NSNA Annual Convention 2009 - Day 2
Day 2 is really day one, I like to arrive at these things a day early and leave a day late. You know, just in case.
First up was a couple of presentations on Breakthrough to Nursing and Legislation/Education. BtN sported the only familiar face so far, a friend I made at the last convention in Texas, a former member of the Kansas SNA, now a presenter. The BtN and L/E focus groups had a lot in common, the Big Issues are still the Big Issues no matter which lens you're viewing it through. How do we recruit more nurses? How do we recruit nurses that reflect the diversity of our country that speaks more than 300 languages? How do nurses take control of their own practice and advocate for better health in our communities? These were familiar quandaries to me and renewed my enthusiasm for getting involved in the professional nursing associations. I had to laugh for a second when I remembered that I thought this same thing last year, and resolved to drop a line to my state's chapter of the ANA to get in touch with their government relations committee.
After this I swung through the house of delegates, and remembered how laborious I found the opening meeting. I carefully avoided the roll-call where all the states put on their cutesy cheerleading displays, and dropped in just long enough to listen to the parliamentarian go over the basics of parliamentary procedure (something I imagine I'll be explaining to people again later). Part of me was glad I didn't have to sit through the mandatory boredom, but another part missed being involved with the house of delegates, and I know I'll be grinding my teeth when I'll have to sit out the opportunity to tear apart arguments like I did in years past.
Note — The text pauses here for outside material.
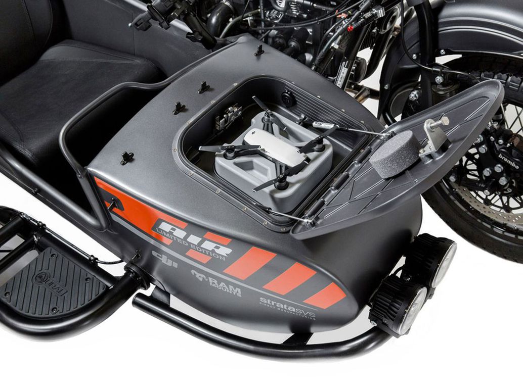 报道还提到,这并非摩托车第一次与无人机结合在一起。2018年乌拉尔(Ural)就曾研制出一款内置大疆Spark四旋翼无人机的挎斗摩托车。这个设想是用无人机作为侦察机来查看骑手视线外的情况。与本田不同的是,乌拉尔展出的是一台完成了的机器,但其无人机并不是全自动的、而是需要人来操纵。

Next up was a small collection of graduate nursing schools organized by the American Association of Colleges of Nursing. I swung through and chatted with some of the schools' representatives and found that a few of them talked a pretty good game. Right off the bat I explained that I was interested in getting a graduate degree but my personality resisted the idea of "specializing" in something. A rep from Buffalo (Buffalo buffalo Buffalo buffalo buffalo buffalo Buffalo buffalo) told me it sounded like Clinical Nurse Specialist was the right degree for me. I did a double-take and pointed out that "Specialist" was right in the title. He corrected himself and told me there's a relatively new major called "Clinical Nurse Leader" that is basically an advanced bedside nurse generalist. Perfect! For years nurses have told me that it's too hard to generalize in the nursing profession and that it's better to specialize. I'm of a kind that believes that "specialization is for insects" and generalization is the way to go. After talking to some of the other schools there I found that not only could I get a graduate degree in Clinical Nursing Leadership, I could take a few classes and become a Nurse Practitioner afterward (once I passed the NCLEX-NP) without doing the whole degree over. The most enticing offers came from Rush in Chicago and Rochester in NY, since they both explained that I could do all this for free if I worked at their hospital. I'll have to ask around CT for a comparative deal.
The keynote address was the next stop. They picked a hell of a speaker, Rear Admiral Carol A. Romano, PhD, RN, FAAN, Assistant Surgeon General, Chief Nurse officer of the US Public Health Service. I actually met her once in the past, and she put the idea in my head to join the Public Health Service years ago. Very inspiring speaker. As I write this the video of her keynote address is still uploading so I'll append it to this post later. The Opening remarks were made by Rebecca Patton, MSN, RN, CNOR, President of the American Nurses Association; and M. Elaine Tagliareni, EdD, RN, President of the National League for Nursing (they went all out, eh?). It was a struggle to sit through all the glad-handing and gratuitous award presentations, but hearing Admiral Romano speak for 24 minutes or so was well worth it. I sadly didn't have enough camera storage left to get the tail end of her speech but what I did get was pretty good. Below is the NLN and ANA president's greetings.
After the keynote there was a reception put on by the Army Nurse Corps, they give out an award every year to the most excellent student and host a reception afterward that doubles as a recruitment drive. I was hoping for ice cream, but none was to be found. (Video and hilarious story pending)
The performer is apparently Sergeant First Class Jamie Buckley of the USAREC Entertainment Team. As a musician, I was offended that he pantomimed playing a guitar instead of actually playing one. Deeply offended.
Today reminded me why I came here in the first place. Inspiration. Direction. Goals. All that good stuff. There's important things happening, and I'm one of many (but still tragically few) new nurses with skills from other fields that will revitalize and recontextualize the nursing profession. Now nurses have previous experience with marketing, business, sociology, computer science, construction, you name it. We're used to finding problems and solving them within our lifetimes. Within a business cycle. If there truly are solutions to our healthcare crisis, we have a major role to play.